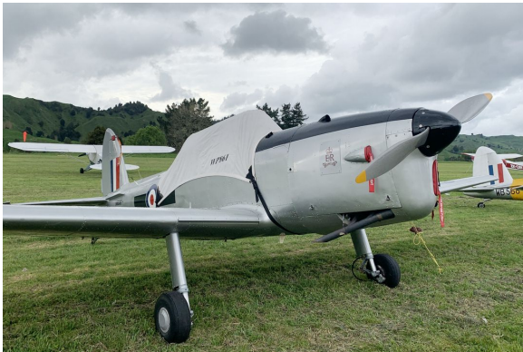
DeHavilland Chipmunk Canopy Cover, Engine Plugs

This cover type is made from Silver Acrylic Sunbrella canvas and is 100% lined with a soft and smooth microfiber. Bruce's Custom Covers developed this material combination especially for aircraft protection. The outer material is medium weight and treated for water resistance, UV resistance and anti-static buildup. The inner lining is a very soft and smooth microfiber to prevent scratching. The material is very reflective, and tests show that the cabin interior temperature can be reduced to near-ambient temperature on the hottest of days. It is water, ice and snow repellent, yet breathable to allow moisture to escape from between the cover and the aircraft surface.
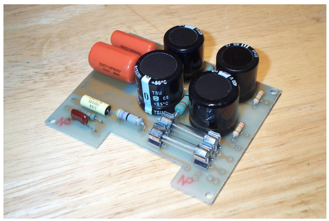
Heath UA-1 (UA-2 or AA-61) Power Supply Capacitor Board
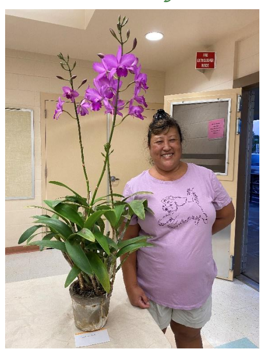
Cattleya Hybrid Janine Mikasa
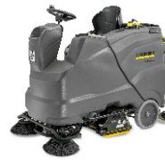
B 150 R Bp
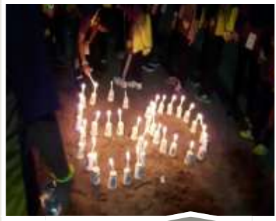
BRC Earth Hour
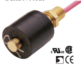
LS-1700 Series – Buna N Float
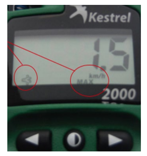
Maximum wind speed Wind graphic + Km/Hr. + MAX
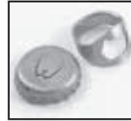
Ring Thing fits on your finger to quickly pop off bottle caps.

Sells for $9.99 plus S&H. Contact: FARM SHOW Followup, Mango International, Inc. P.O. Box 478, Pine Island, N.Y. 10969 (ph 877 886-2646 or 845 258-9903; email: info@mangointernational.biz; website: www.mangointernational.biz).
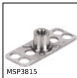
MSP3815 Masterplate® glueable insert, rectangular with tapped insert
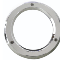
Part Number 8200451 4" Round Chrome Plastic Trim Ring for Model 234
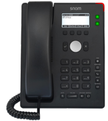
D120 Desk Phone
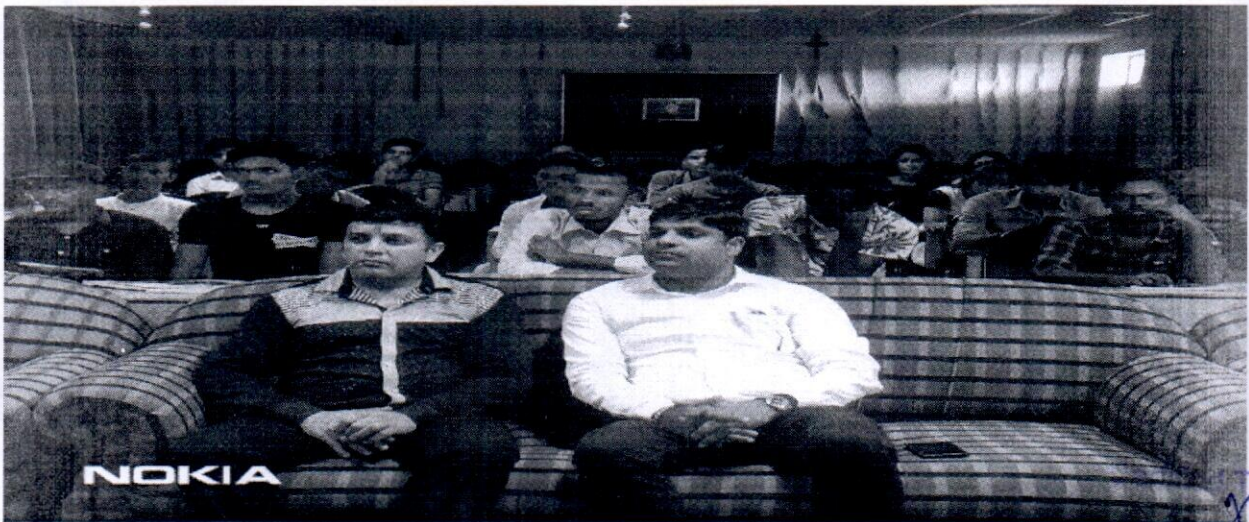
Participants attending the workshop (18.03.2019)

True Copy Registrar Jagan Nath University, Jaipur
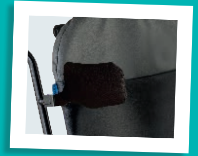
Complex flip-away chest laterals
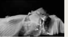
SWIM PETER SPANJER 00:08:02
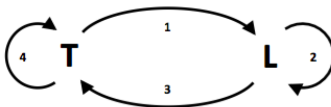
Figure 1: A simplified version of Laurillard's (2002) Conversational Framework

Two areas of educational research and development underpin this project: Diana Laurillard's (2002) influential conversational framework, and the field of learning design. Broadly speaking, the conversational framework proposes that the interaction, dialogue and feedback between teachers and students are critical to students' learning processes and outcomes. A simplified version of the framework is presented in Figure 1. A generalised learning interaction begins (1) when a teacher [T] designs and presents material or an activity to learners [L] who then engage with this by acting upon it (2). Learners subsequently respond to the material or activity given their current understanding (3), often directly to a teacher. This is then reflected and acted upon by the teacher (4) before a new loop or cycle is initiated in which the teacher may choose to re-present the material or activity, remediate or provide learners with feedback.
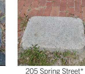
Frank D. True House, 1920
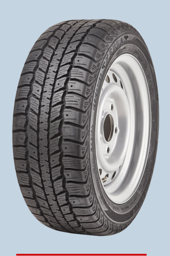
KR500 Winter Trailer Studdable
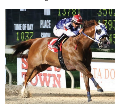
Zupers Quick Dash, winner of the Louisiana Classic in 2013
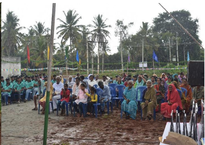
Audience of the Inaugural function
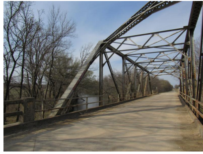
Facing west. 3/13/2017. Wendi M. Bevitt
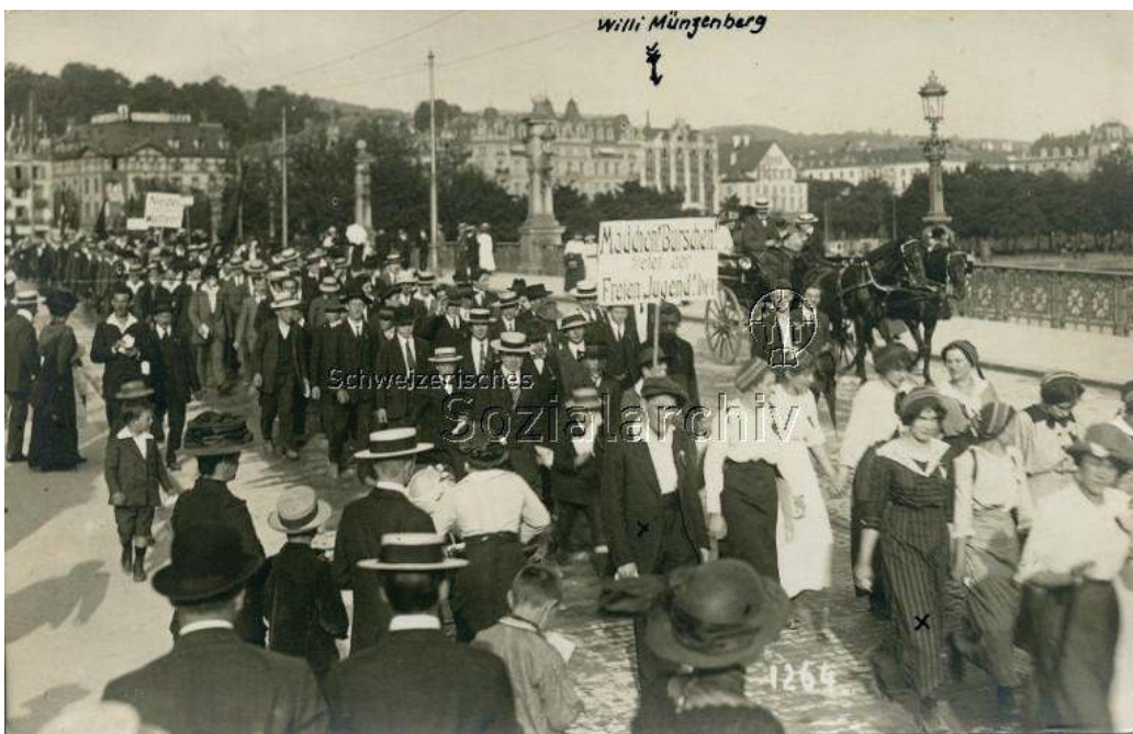
Figure 2.1 Anti-war demonstration on the Quai in Zurich, March 1915. Willi Münzenberg (wearing a flat cap) is standing directly in front of the banner which reads: 'Girls! Boys! Join the Free Youth'.

had diverse impacts on its society and politics. As a neutral country in the centre of Europe, it was an important refuge for deserters and draft-dodgers and attracted pacifists and socialists from all over the continent. Indeed, Lenin and Nadeschda Krupskaja, Inessa Armand, Willi Münzenberg, Angelica Balabanova and others spent some years in Switzerland during the war. 18 There was also a home-grown anti-war movement with especially strong links to Germany. Thus extracts from Zetkin's November 1914 appeal to socialist women of all countries to position themselves against the war was first published on 1 December 1914 in the Swiss Social Democrat women's newsheet Die Vorkämpferin ( The Female Pioneer ), its German equivalent, Die Gleichheit (Equality), being unable to print it at all due to censorship restrictions. 19 Shortly thereafter, it was published in full in the Berner Tagewacht , a Swiss daily newspaper which was then still available for purchase in Germany. 20 Meanwhile, Die Vorkämpferin , taking advantage of the lack of pre-publication censorship in Switzerland, sponsored a number of women's peace assemblies in the winter of 1914–15. After an anti-war demonstration in Zurich on 18 December 1914, it reported that as well as large numbers of men, 'over one thousand women' had taken part. 21 Another demonstration, held in March 1915 under the slogan 'Girls! Boys! Join the Free
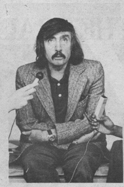
Edward Albee is under attack
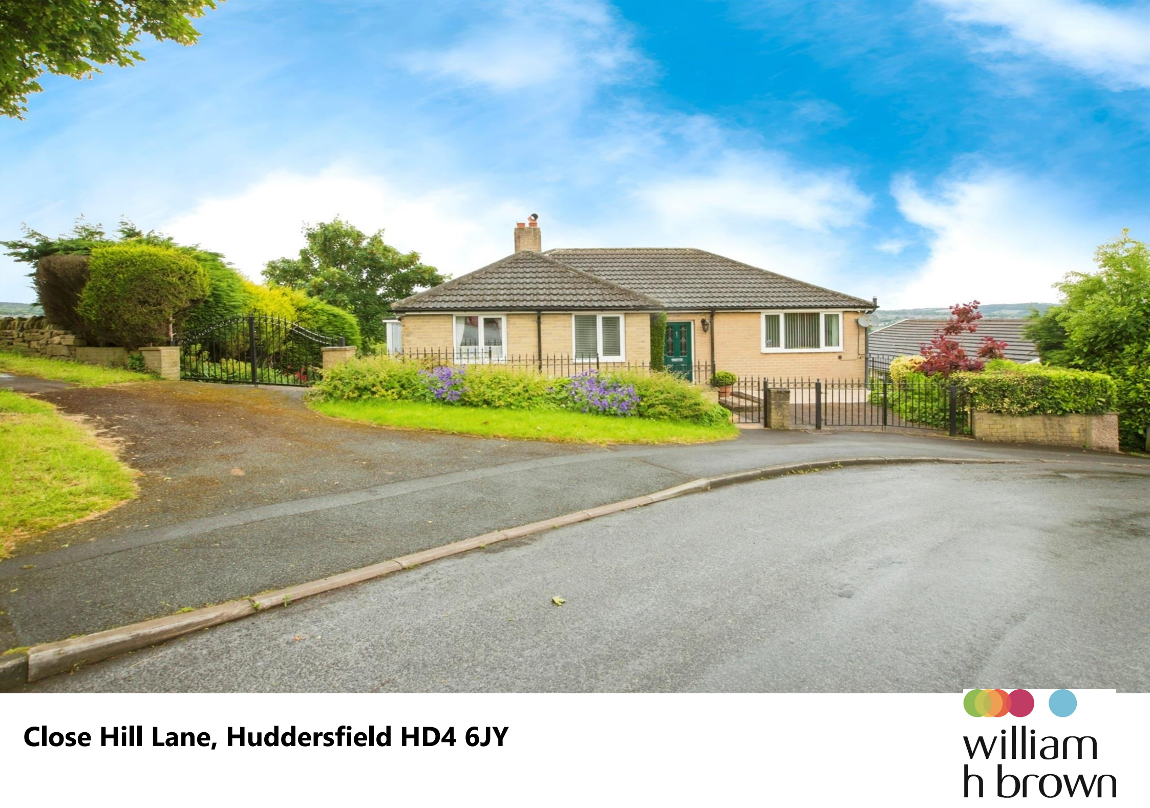
Close Hill Lane, Huddersfield HD4 6JY
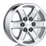
N88 ❑ 17" 6-LUG POLISHED ALUMINUM SPORT ❑ AVAILABLE: 1500 SERIES
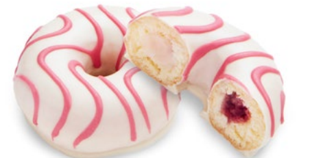
67439 RASPBERRY & CHEESECAKE FILLED DOTS ORIGINAL®
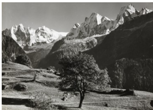
1. VIEW TO SCIORA-GRUPPE, PIZ CENGALO AND PIZ BADILE, OTTO FÜRHTER VERLAG.

+ + +

Search the records for the word "True". Copy every line that has it.

Task solution ->
True Copy Registrar Jagan Nath University, Jaipur
Frank D. True House, 1920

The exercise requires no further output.